В этом же смысле сложны и продукты природы.

У Плотина здесь возникает вопрос также и о душе: можно ли в ней различать эйдос и материю? Но есть ли в ней, с одной стороны, ум "наподобие формы в меди" и ум, "как бы создавший эту форму в меди"? (22-24).

"То же самое можно перенести и на Мировую Душу и там совершить восхождение к Уму, полагая в нем истинного творца и демиурга; и можно сказать, что принявший формы субстрат стал или огнем, или водою, или воздухом, или землей, и эти формы пришли от иного, каковым и будет душа. И душа, с другой стороны, даст форму космоса этим четырем элементам. Для нее ум станет хороначальником смыслов (logön), подобно тому как для душ художников возникают из искусства правила их деятельности. Ум, с одной стороны, существует в качестве эйдоса души, будучи ее формой (morphёn); с другой же – в качестве доставляющего эту форму наподобие творца статуи, которому вое имманентно, что он дает. Ведь близко к истине то, что он дает душе. Но то, что принимает тело, есть уже призраки и подражания" (24-37).
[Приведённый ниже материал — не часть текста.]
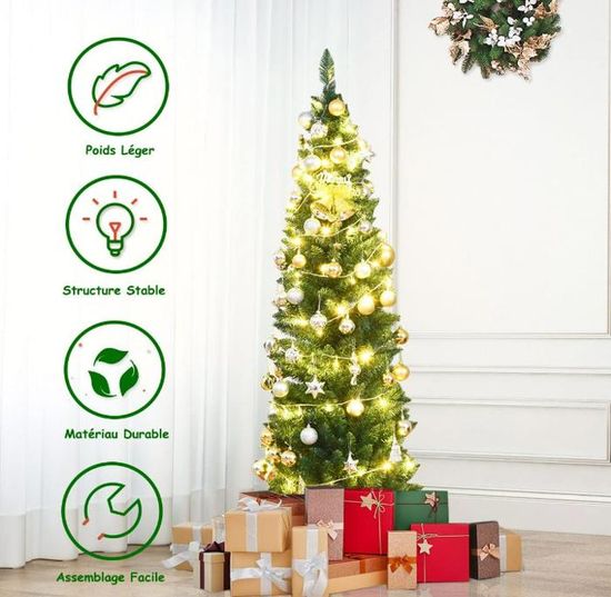 Commandez DREAMADE Sapin de Noël Artificiel 150CM/180CM/210CM/240CM, Pieds en Fer et Feuilles en PVC, 350/650/950/1138 Branches Décoration pour Maison Noël Blanc (180cm D’autre part, le revêtement de protection peut empêcher le sapin de Noël de tomber ou de se frotter contre le sol et de l’endommager. Sapin De Noel Blanc DREAMADE Sapin De Noël Artificiel 150CM/180CM/210CM/ 240CM, Pieds En Fer Et Feuilles En PVC, 350/650/950/1138 Branches Décoration Pour Maison Noël Blanc (210cm Sapin De Noel Artificiel Blanc 180 Cm Hauteurs multiples au choix - Ce sapin de Noël artificiel avec des flocons de neige est très beau et vous pouvez le choisir parmi quatre hauteurs : 150, 180, 210 et 240 cm. Montage facile - Notre sapin de Noël est facile à assembler, il vous suffit de relier chaque parties des troncs et puis les fixer sur les pieds en fer. Attetion: après l'installation, il faut porter des gants pour ouvrir les branches et les aiguilles du sapin, et vous verrez alors un bon sapin de Noël. Description Ce sapin DREAMADE va illuminer votre Noël ! Disponible en 4 tailles (90, 120, 150, 180cm), il convient à tous les intérieurs. Les flocons de neige et l'étoile au sommet sont équipés de LED qui créent une ambiance magique quand on les allume. Les branches en PVC vert ont un aspect naturel et réaliste. Le pied en fer robuste assure une stabilité parfaite, même chargé de... DREAMADE Sapin de Noël Artificiel avec Aiguille de Sapin Enneigé, Feuilles en PVC & Fruits Rouges, Arbre de Noël avec Pieds en Fer pour Maisons,Boutiques,Ecoles, 150cm/180CM/210CM/240CM (150 cm Un grand nombre de branches peut rendre le sapin de Noël plus florissant. Idéal pour Noël - Pour Noël, le sapin de Noël est l’un des éléments les plus indispensables : il peut décorer votre maison et créer une atmosphère plus festive. Vous pouvez choisir la hauteur de sapin de Noël en fonction de la taille de votre maison ou le nombre de personnes, des hauteurs différentes vous apporteront le même sentiment de Noël.

Не требует особых разъяснений эта близкая параллель ума и художника. Для Плотина нет существенной разницы между художественно-творящим человеком и самой природой, то есть в конечном основании нет разницы между искусством и природой. Этот взгляд – и платонический и общеантичный. Он ясно ощущается везде и в особенности здесь, в V 9.

Итак, душа тоже состоит из материи и формы. Ее форма – ум, но не просто ум, а энергийный ум, о котором и идет речь в V 9, 4. Душа есть нечто потенциальное и несовершенное. Но это значит, что должно быть нечто энергийное (energeiai) и совершенное, домировое, додушевное. Этот энергийный ум и рассматривается в V 9, 5 с точки зрения своего бытия, в V 9, 6 – с точки зрения своей энергийности, в V 9, 7 – с точки зрения своей объективности, в V 9, 8 – с точки зрения своей процессуальной объективности; в V 9, 9 – с точки зрения своего космизма, и в V 9, 10 – с точки зрения своей чистоты.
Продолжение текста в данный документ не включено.